── RECORDS PROVIDED ──

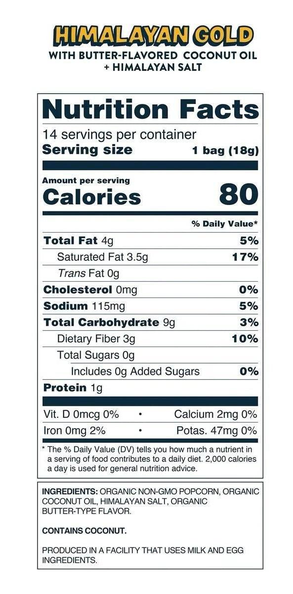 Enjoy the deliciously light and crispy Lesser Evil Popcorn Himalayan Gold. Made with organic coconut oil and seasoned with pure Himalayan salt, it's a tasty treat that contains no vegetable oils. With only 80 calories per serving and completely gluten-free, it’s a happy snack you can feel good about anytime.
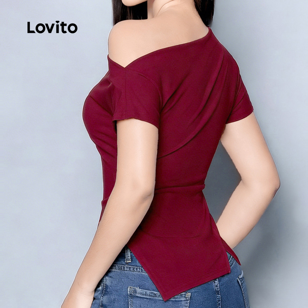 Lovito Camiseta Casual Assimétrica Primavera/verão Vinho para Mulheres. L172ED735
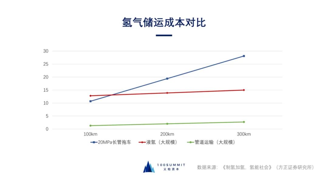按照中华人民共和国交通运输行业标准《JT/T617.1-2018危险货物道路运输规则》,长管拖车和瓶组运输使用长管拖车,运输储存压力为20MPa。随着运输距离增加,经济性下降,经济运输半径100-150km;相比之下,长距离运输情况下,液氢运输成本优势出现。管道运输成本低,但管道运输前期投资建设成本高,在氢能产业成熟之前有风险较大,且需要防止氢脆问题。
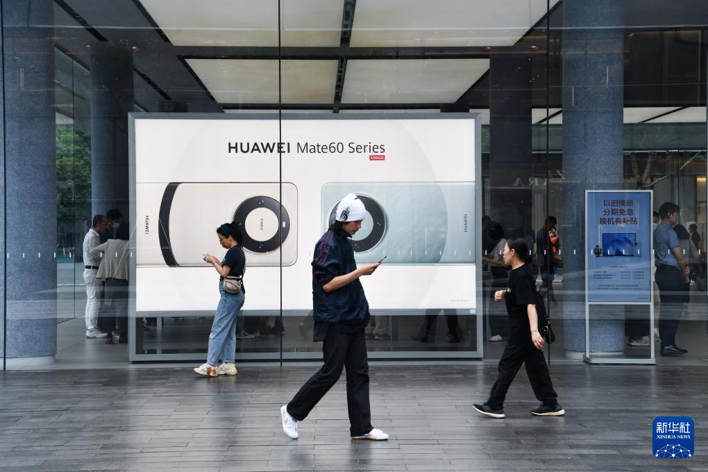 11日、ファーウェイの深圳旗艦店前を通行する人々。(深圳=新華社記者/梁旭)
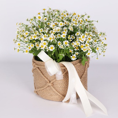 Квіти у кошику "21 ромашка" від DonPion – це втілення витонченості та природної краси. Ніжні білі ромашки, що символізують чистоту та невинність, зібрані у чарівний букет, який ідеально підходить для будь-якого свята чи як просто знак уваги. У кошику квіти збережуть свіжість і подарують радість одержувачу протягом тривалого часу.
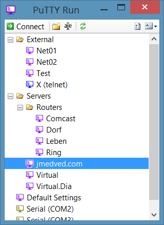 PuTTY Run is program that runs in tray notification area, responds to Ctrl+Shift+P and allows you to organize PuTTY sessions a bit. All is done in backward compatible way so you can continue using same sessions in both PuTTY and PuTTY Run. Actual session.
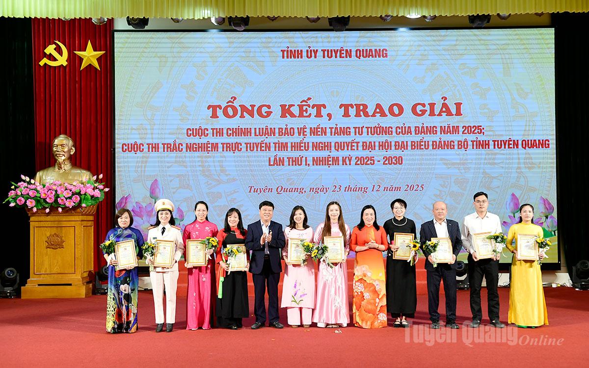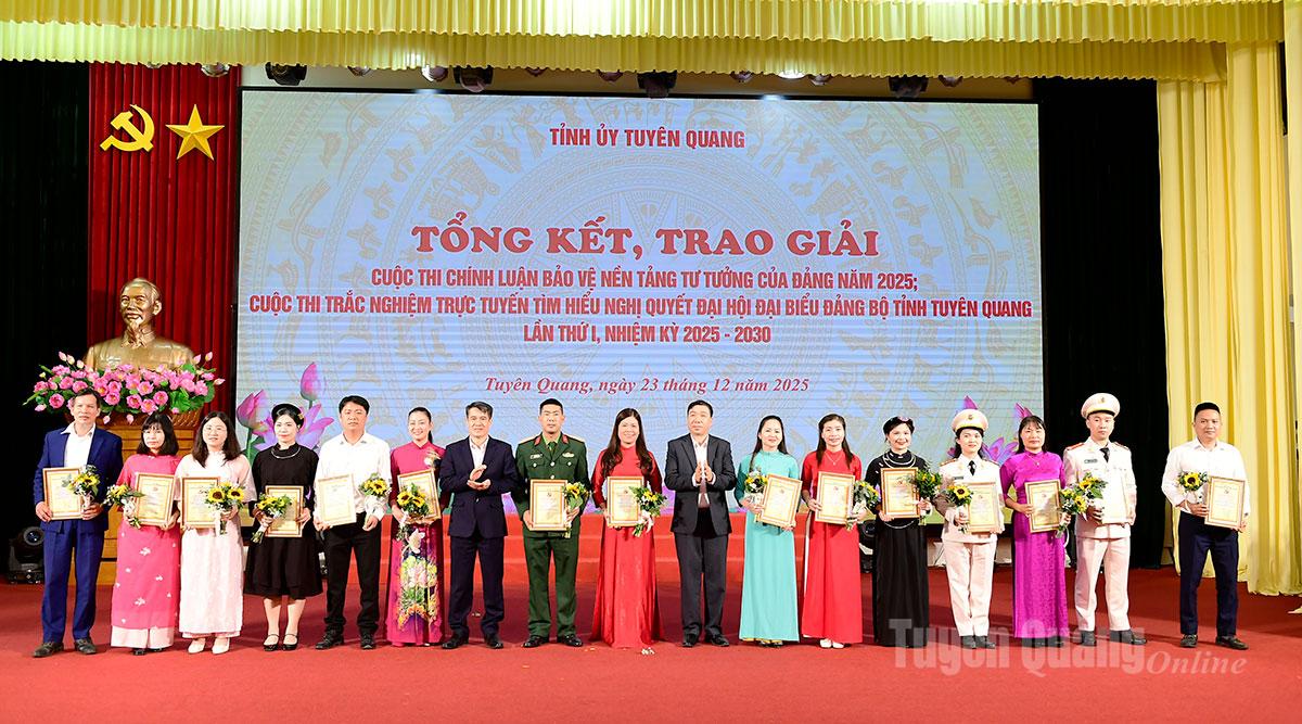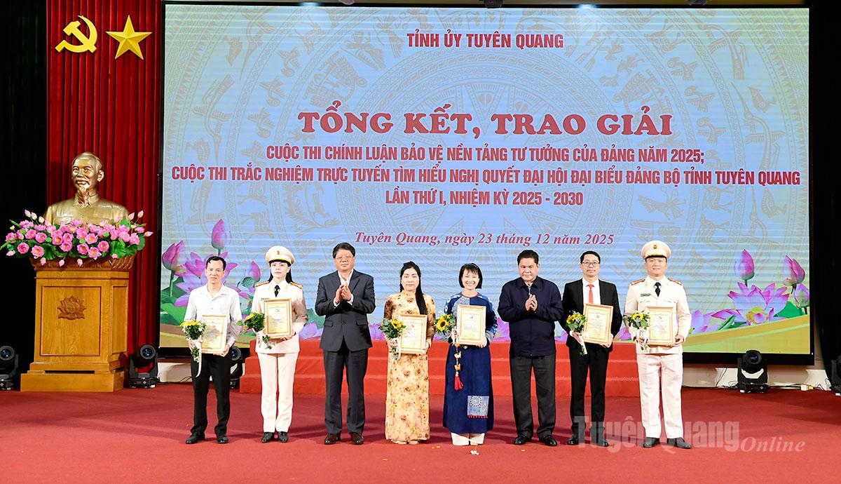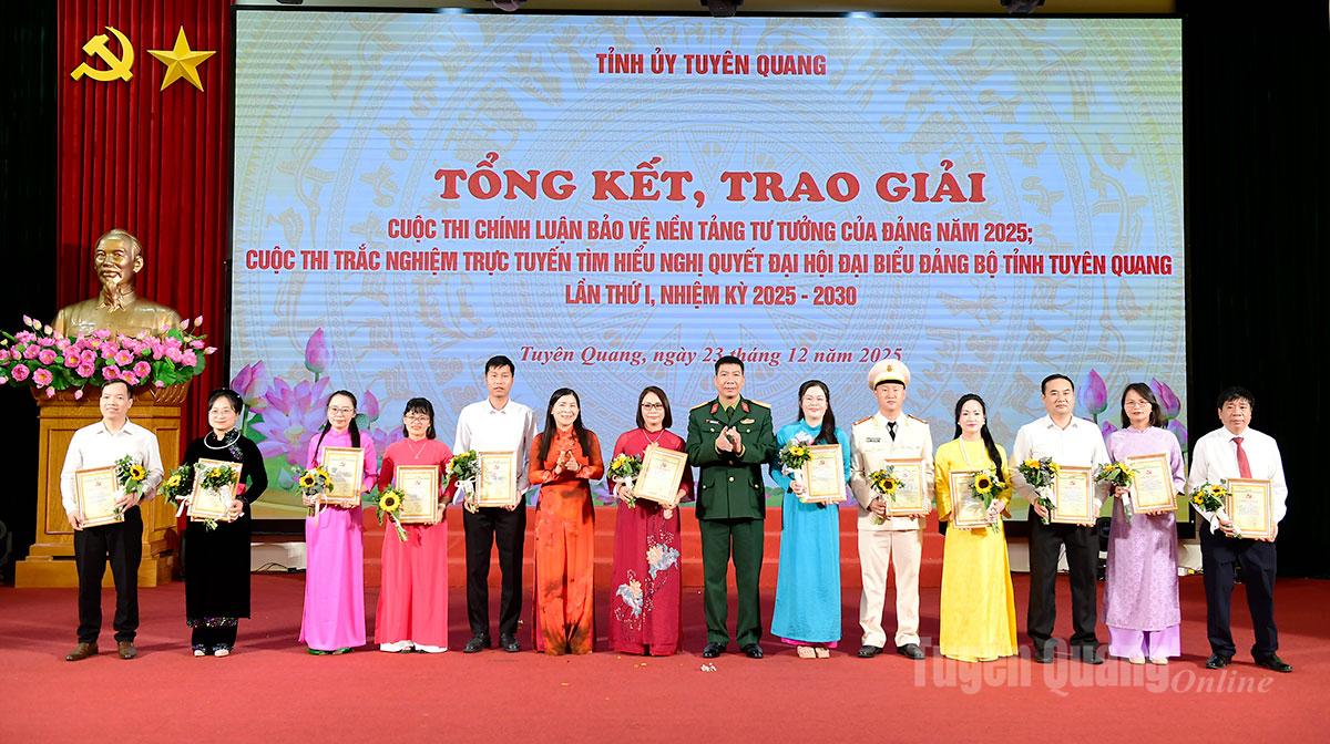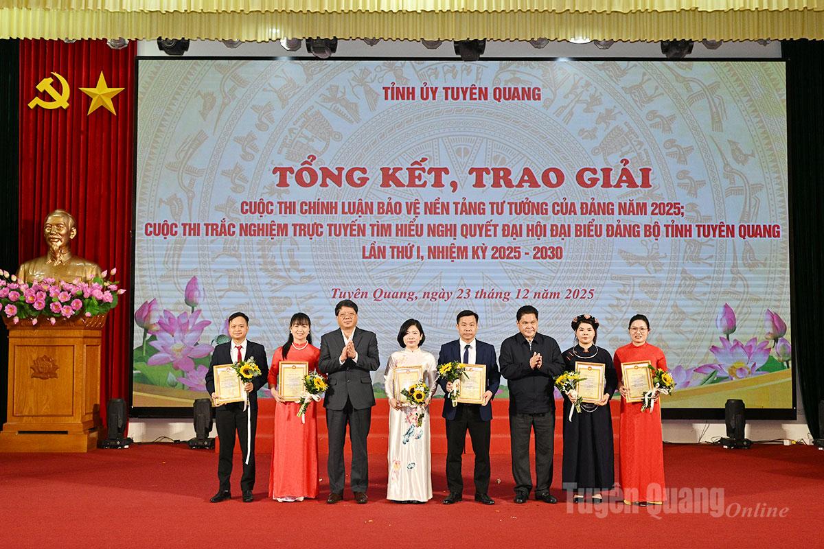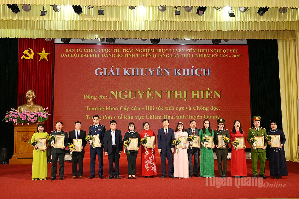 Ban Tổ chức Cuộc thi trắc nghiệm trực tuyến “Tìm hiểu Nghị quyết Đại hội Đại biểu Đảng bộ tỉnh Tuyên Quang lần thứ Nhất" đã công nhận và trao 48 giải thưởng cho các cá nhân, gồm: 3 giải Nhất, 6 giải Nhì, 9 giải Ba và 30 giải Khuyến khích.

───
── RECORDS PROVIDED ──

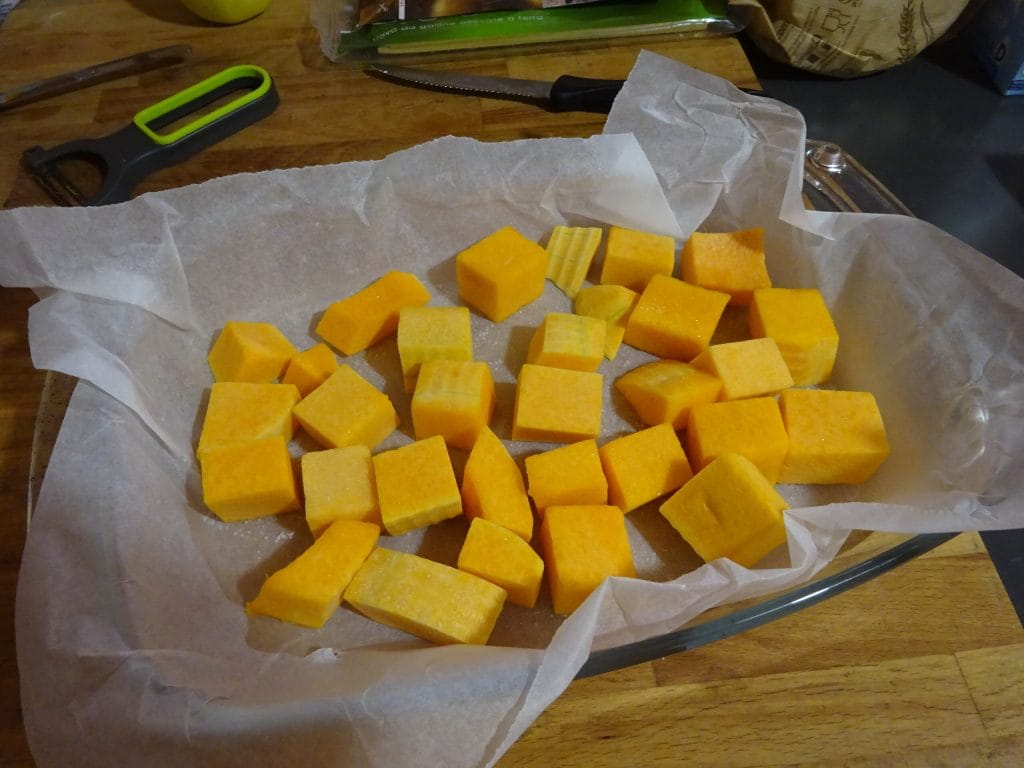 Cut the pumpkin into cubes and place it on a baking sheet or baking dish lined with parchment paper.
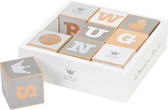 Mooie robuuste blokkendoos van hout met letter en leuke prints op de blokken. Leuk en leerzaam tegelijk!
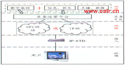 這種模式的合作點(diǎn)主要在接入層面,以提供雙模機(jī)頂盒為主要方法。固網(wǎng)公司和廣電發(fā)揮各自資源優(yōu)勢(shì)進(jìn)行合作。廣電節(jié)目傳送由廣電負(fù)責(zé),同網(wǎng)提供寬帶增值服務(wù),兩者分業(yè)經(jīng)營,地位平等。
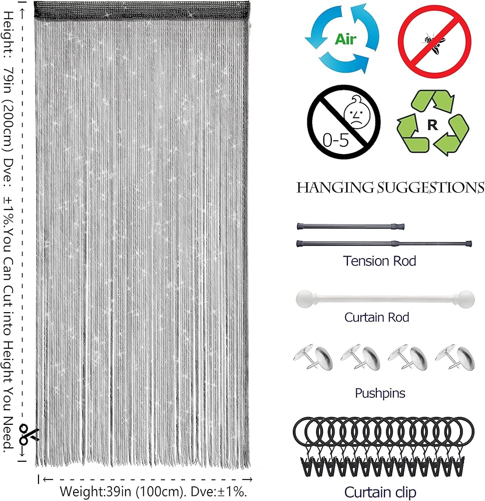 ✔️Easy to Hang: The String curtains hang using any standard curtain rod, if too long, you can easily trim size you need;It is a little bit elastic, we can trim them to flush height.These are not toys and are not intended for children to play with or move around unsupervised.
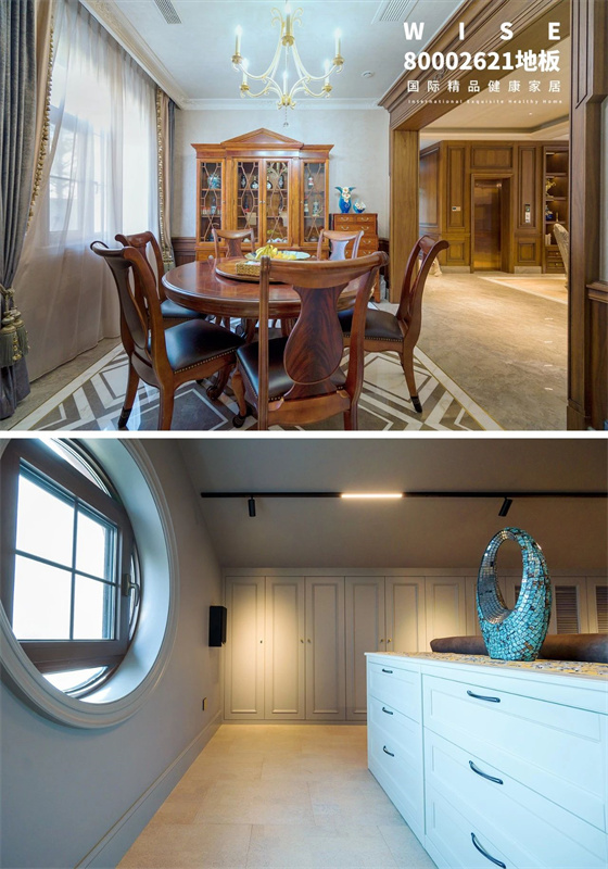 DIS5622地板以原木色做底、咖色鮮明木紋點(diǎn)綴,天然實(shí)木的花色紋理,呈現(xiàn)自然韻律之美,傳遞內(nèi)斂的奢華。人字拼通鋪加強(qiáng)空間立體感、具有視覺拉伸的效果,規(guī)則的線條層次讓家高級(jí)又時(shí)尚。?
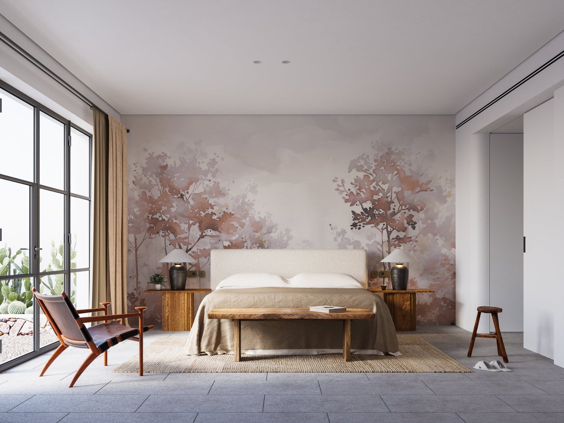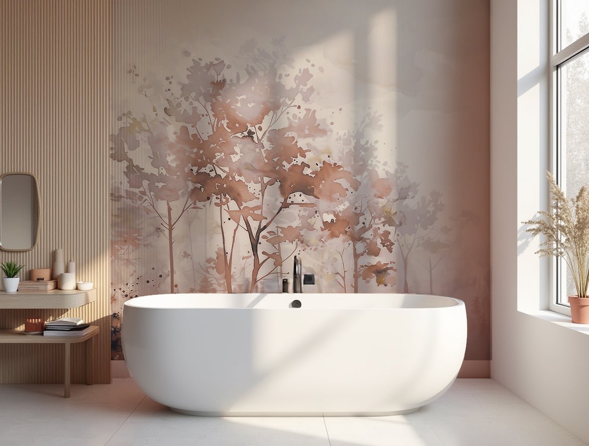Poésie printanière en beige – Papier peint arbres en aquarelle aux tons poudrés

───
── RECORDS PROVIDED ──

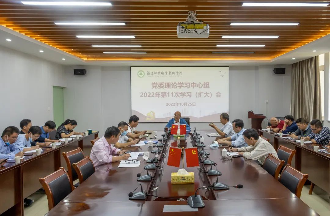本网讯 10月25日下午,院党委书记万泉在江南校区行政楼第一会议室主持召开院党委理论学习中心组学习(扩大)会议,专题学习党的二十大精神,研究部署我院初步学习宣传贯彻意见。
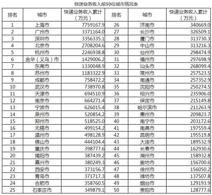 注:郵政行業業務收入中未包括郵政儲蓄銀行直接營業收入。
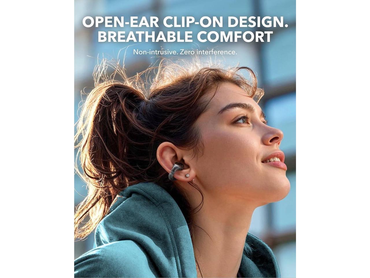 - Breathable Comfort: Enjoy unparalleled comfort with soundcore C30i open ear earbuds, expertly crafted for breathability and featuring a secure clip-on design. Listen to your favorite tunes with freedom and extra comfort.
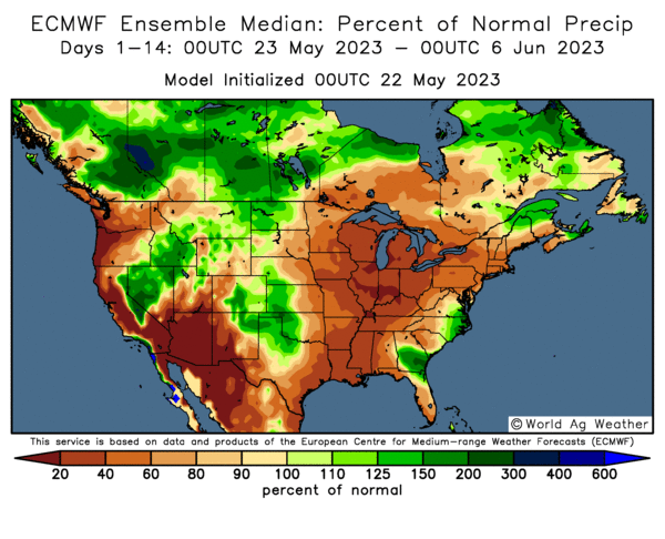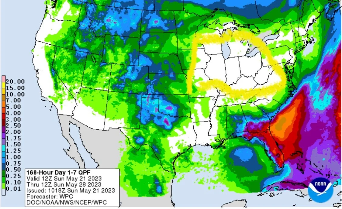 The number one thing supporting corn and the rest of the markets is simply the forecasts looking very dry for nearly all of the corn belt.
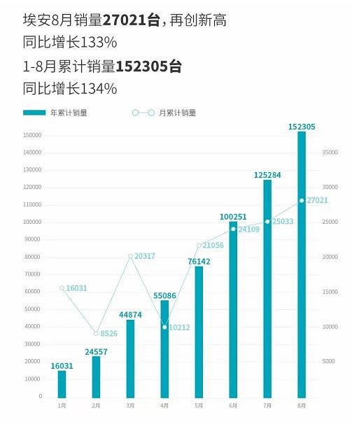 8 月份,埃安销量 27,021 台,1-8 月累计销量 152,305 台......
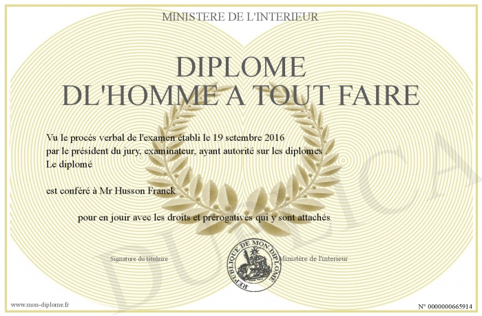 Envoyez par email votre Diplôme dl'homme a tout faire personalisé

───

## ASSIGNED TASK
In the listing above, find the line containing "Enjoy the deliciously" and the line containing "Lovito Camiseta Casual", then output those two lines and everything between them exactly as written, without the images.

## COMPLETED EXERCISE
 Enjoy the deliciously light and crispy Lesser Evil Popcorn Himalayan Gold. Made with organic coconut oil and seasoned with pure Himalayan salt, it's a tasty treat that contains no vegetable oils. With only 80 calories per serving and completely gluten-free, it’s a happy snack you can feel good about anytime.
 Lovito Camiseta Casual Assimétrica Primavera/verão Vinho para Mulheres. L172ED735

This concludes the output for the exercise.